For this study we have not combined data from different competitions, choosing instead to sample a single competition of international importance. This is based on the concern that competitions of varying importance levels might in turn have varying effects on hormonal responses. This might increase variation and would initially outweigh the benefit of increased sample size. We did, however, combine the sexes in our statistical analysis because we found no significant differences in the ∆H values of males and females and because previous research has shown associations between testosterone and competition outcome to be similar in men and women47. Nonetheless, future studies would benefit from increased sample sizes, which would also allow for a separate analysis of male and female athletes and athletes competing in different disciplines. Such a sample size would require international cooperation at high-level competitions.

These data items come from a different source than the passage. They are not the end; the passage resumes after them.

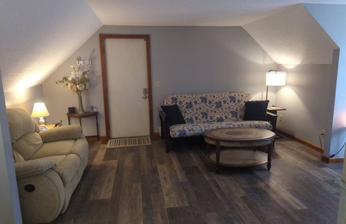 The second floor apartment is a completely separate unit from our home with a separate entrance and exit accessed through the side garage door. It is a bright and roomy apartment with tons of storage and closet space, that spans the whole second floor of our home. The neighborhood is quiet and a great place to walk your dog!
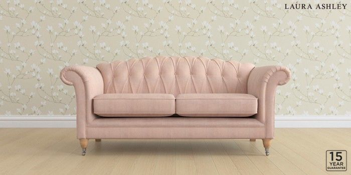 6.12.13 Buy Gloucester Button Back by Laura Ashley 3 Seater Small Sofa Edwin Chenille Blush Pink Low Chrome Castor - Light Oak from the Next UK online shop Click here to use our accessible website
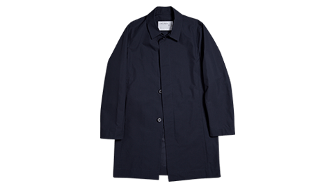ベーシックなタイプの一見、なんの変哲もないステンカラーコートですが、細身のI(アイ)ラインシルエットに仕上げているため、すっきり、洗練された印象で着ていただけます。ボタンは「CINÉ & TRAVEL」の刻印入りのスペシャル仕様。色は、黒にも見えそうな、かなり濃い紺色です。
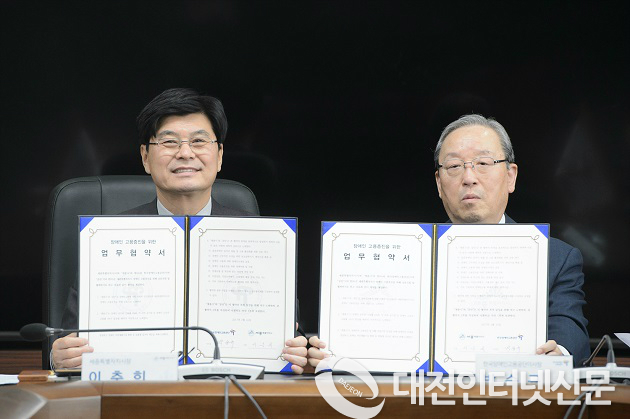 이춘희 시장과 박승규 이사장은 16일 오전 시청에서 장애인 고용증진 협약을 체결하고 시의 장애인 공무원 고용률 5%와 시 산하 공기업 등 근로자 고용률 5%를 달성할 때까지 지속적으로 노력하기로 했다.
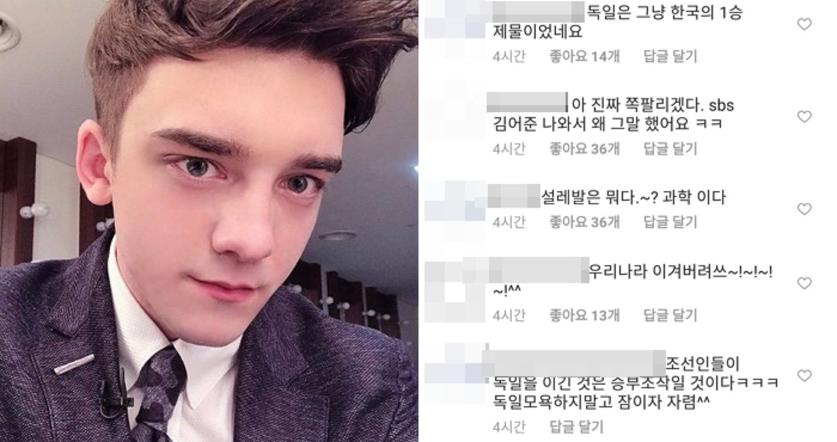 유독 닉의 인스타그램에 악성 댓글이 많이 달린 이유는 그가 과거 방송에서 독일의 승리를 자신만만하게 예측했기 때문인 것으로 보인다.
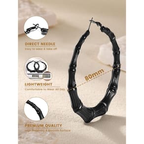 Pacote: 1 par de brincos, 1 bolsa de veludo, 1 caixa de presente de joias Nossos brincos de argola de bambu apresentam: As argolas leves têm design chique, aparência brilhante e confortáveis de usar. Feito de aço inoxidável 316L, hipoalergênico, livre de alérgenos, sem níquel, sem cádmio, sem grafite. O design de clipe seguro torna os brincos de prata esterlina para mulheres fáceis de abrir e fechar Diferentes opções de brincos de tamanho: 40 mm, 60 mm, 80 mm Brincos simples perfeitos para diferentes roupas da moda: vestido deslizante, vestidos de clube e saída à noite, vestidos casuais, tops curtos, estilo Y2K, biquíni. Diferentes opções de brincos de cores: aço inoxidável, ouro, preto Adequado para diferentes ocasiões, como noivado, aniversário, casamento, formatura, festa, coquetel. - Brincos de argola preta: Feito de aço cirúrgico 316l, hipoalergênico, seguro para orelhas sensíveis. O revestimento preto espesso e um acabamento brilhante mantêm esses aros brilhando. Sem grafite, cádmio e níquel para uso sem preocupações - Argolas leves para mulheres: 8,3 mm de espessura, 80 mm de diâmetro, 18,8 g por par, argolas de orelha são muito leves, confortáveis de usar o dia todo - Fecho seguro e flexível: o design de fecho de clique desses brincos de argola para mulheres garante um ajuste seguro enquanto ainda é fácil de colocar e tirar. O fio auricular suave e bem trabalhado é projetado para conforto, adapta-se a uma ampla variedade de tamanhos de orelha sem qualquer irritação, mesmo após uso repetido. - Perfeito para qualquer ocasião: Eleve seu estilo sem esforço com nossos brincos de bambu, a mistura perfeita de simplicidade e sofisticação. Seja casual em jeans ou vestido para uma ocasião especial, essas argolas versáteis complementam qualquer roupa, fazendo você brilhar onde quer que vá. - Presentes modernos para ela: Embalado em uma caixa de presente requintada, presente perfeito para mãe, esposa, avó, melhor amiga, amante no dia dos namorados, Natal, aniversário, dia das mães, festa dos anos 90, casamento, noivado, feriado, etc.
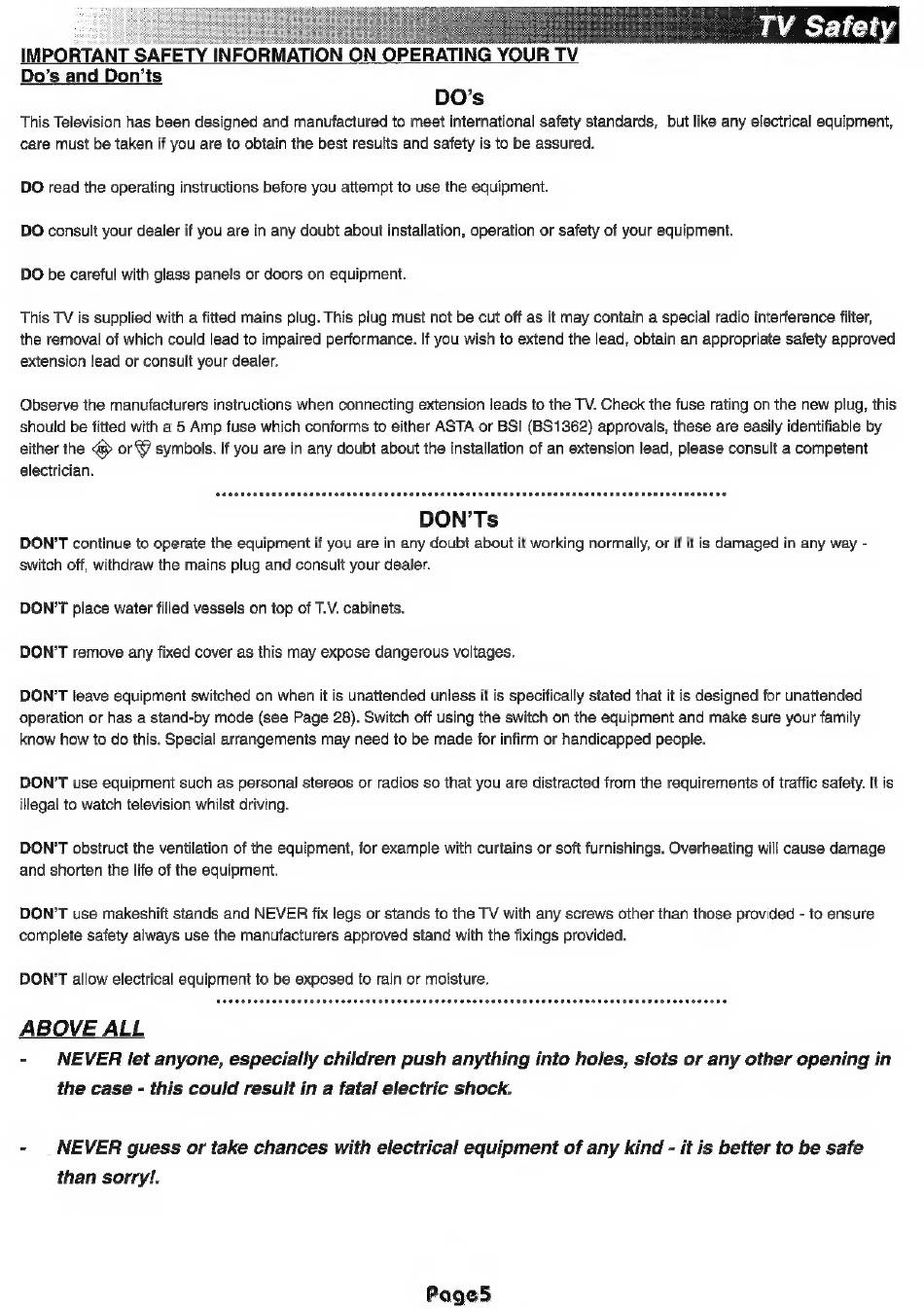 IMPORTANT. SAFETY 'INFORMATION ON OPERATING YOUR TV
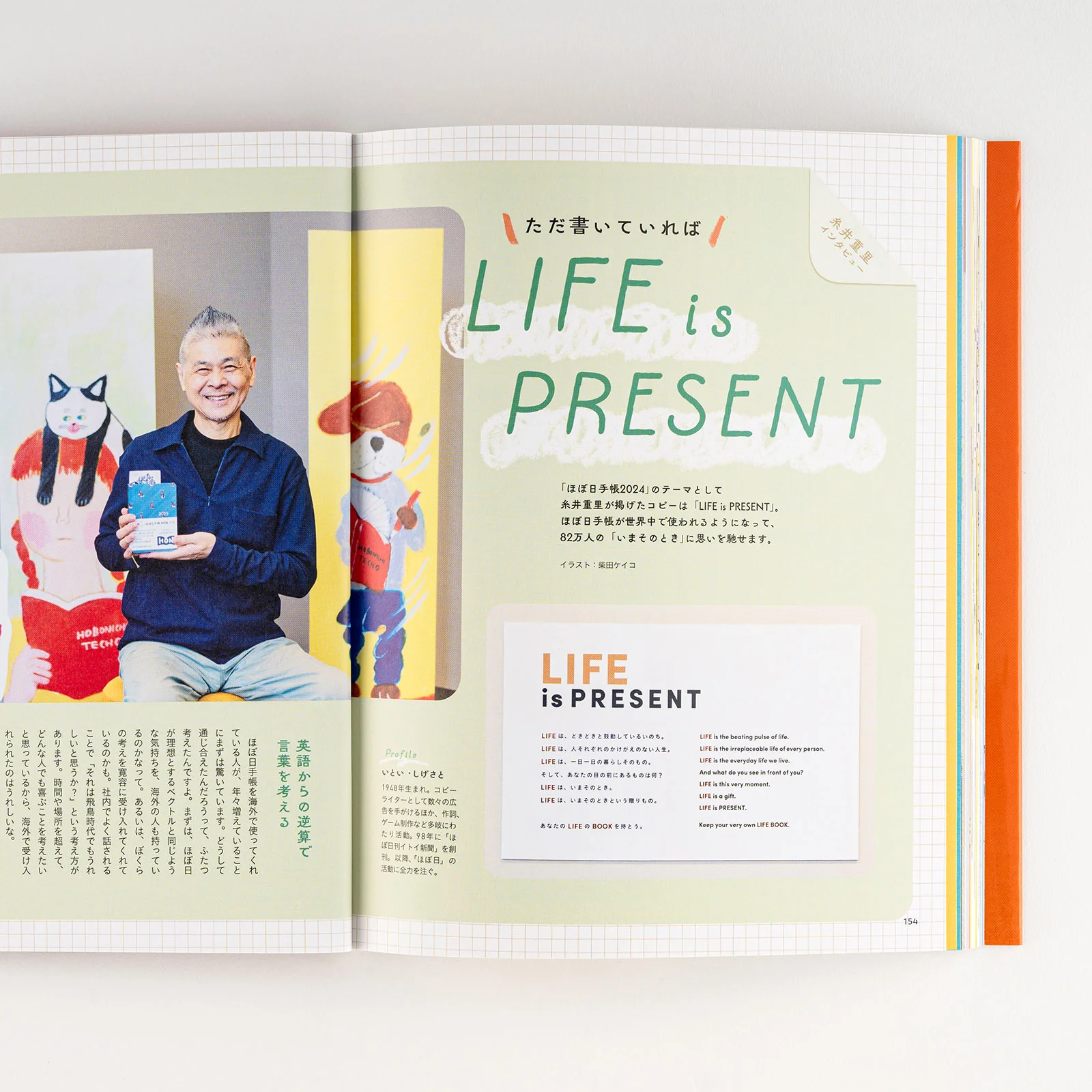 There are many other features we’ve included, such as an interview with Shigesato Itoi about his LIFE is PRESENT slogan and a visit to Sanzen Paper to tour the factory that makes Tomoe River S paper. We’ve compared unique accessories with functional ones, and the HON is head-to-head with the techo book and cover sets! We’ve also selected some of the comments collected in our Hobonichi Techo surveys. There’s a lot to read, learn, and immerse yourself in!
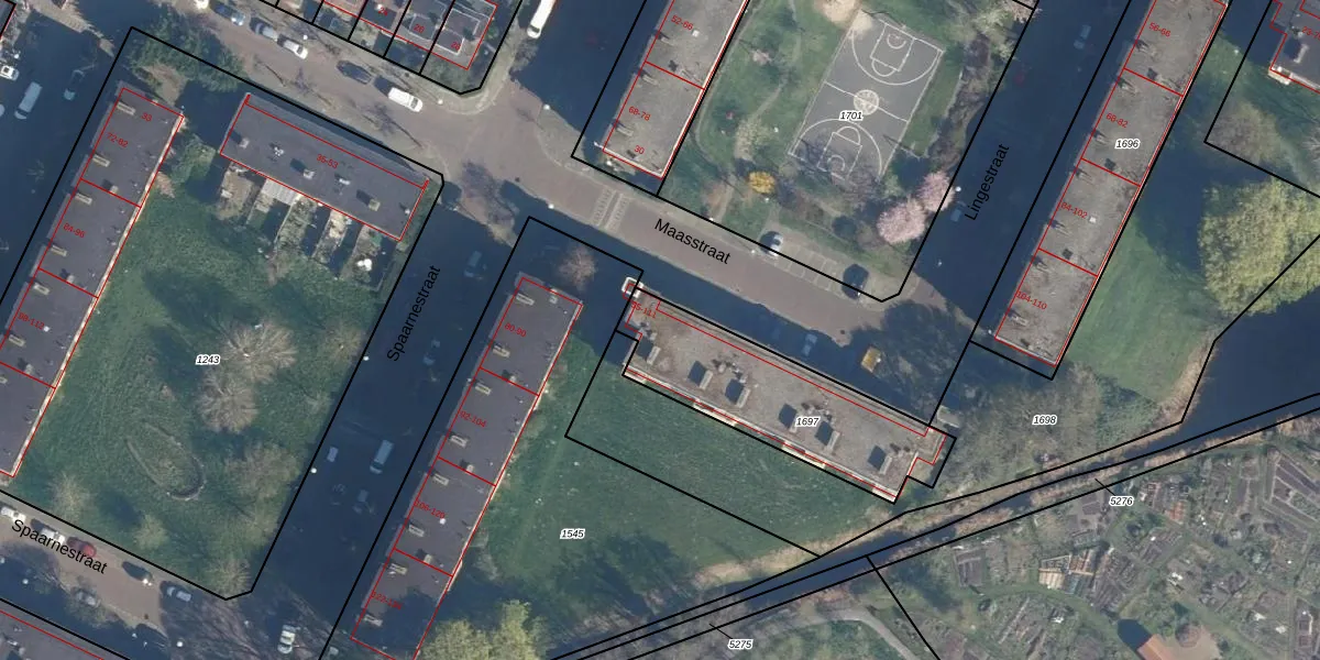 Het perceel waarop Maasstraat 65 staat heeft een oppervlakte van 653 m². Dit is een groot perceel. De perceeloppervlakte wordt geregistreerd door het Kadaster. Gedetailleerde informatie over de maten van dit perceel kunt u vinden in het rapport Kadastrale kaart met maatvoering van Maasstraat 65.
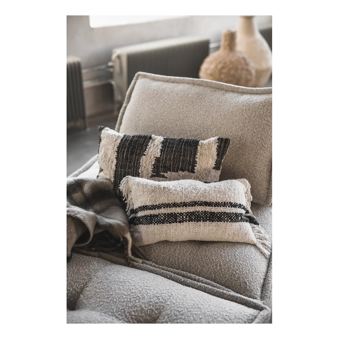 Jakobsdals Hana púði m/fringe beige/svartur
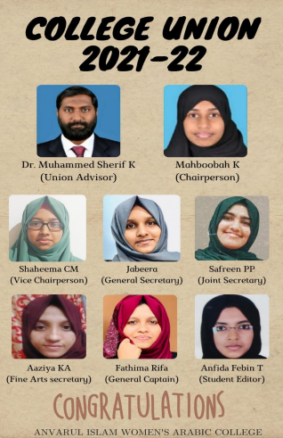 College union is an organization of students’ representatives formed every year as per the guidelines issued by the University of Calicut and Lyngdoh Commission Report. The principal office bearers include: Chairman, Vice Chairman, General Secretary, Joint Secretary, Arts Club Secretary, General Captain, Student Editor, University Union Councillor, various class representatives and the Secretaries to the various Subject Associations. The college union is intended to organize most of the co-curricular activities of the college, under the guidance of the Principal and the staff advisors concerned.
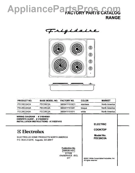 Parts for Frigidaire FEC26C2AQA: 01 - Cover Parts
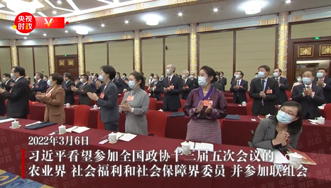 3月6日,中共中央总书记、国家主席、中央军委主席习近平看望参加全国政协十四届一次会议的民建、工商联界委员,并参加联组会,听取意见和建议。中共中央政治局常委、全国政协十四届一次会议主席团会议主持人王沪宁,中共中央政治局常委蔡奇、丁薛祥参加看望和讨论。
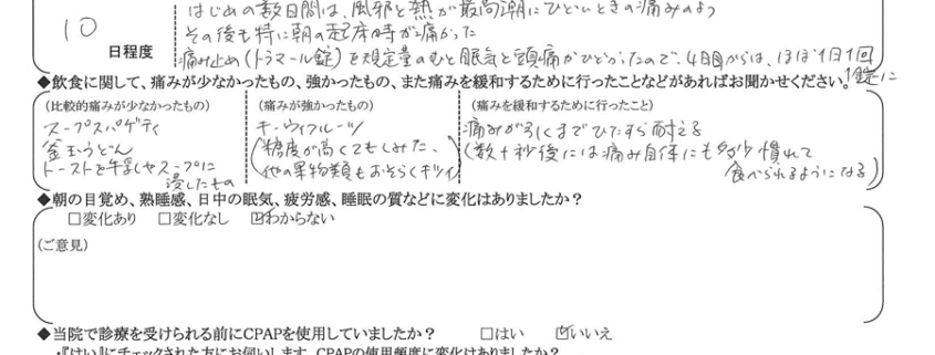 Q.術後、強い痛みは何日程度続きましたか?また、痛みの度合いについて具体的なご意見をお聞かせください。

An intriguing way to validate and extend the results from this study would be to apply the same methodological approach to competitions of differing importance to athletes, as well as to incorporate training conditions. Such studies could reveal how low and high stress conditions (i.e., pressure in relation to event importance) are associated with hormone expression rates and athletic performance. Increased sample size would further enable examining the effects of different settings and conditions during competition, such as the impact of the opponent’s status. Further, increased sample size would enable studies on whether the relationship between status, hormones and performance differs between athletes from different disciplines.

We conclude that the tournament represented a significant stressor for the athletes and that those with a less pronounced endocrine response in the 24 h prior to the competition fared better than those exhibiting greater endocrine changes.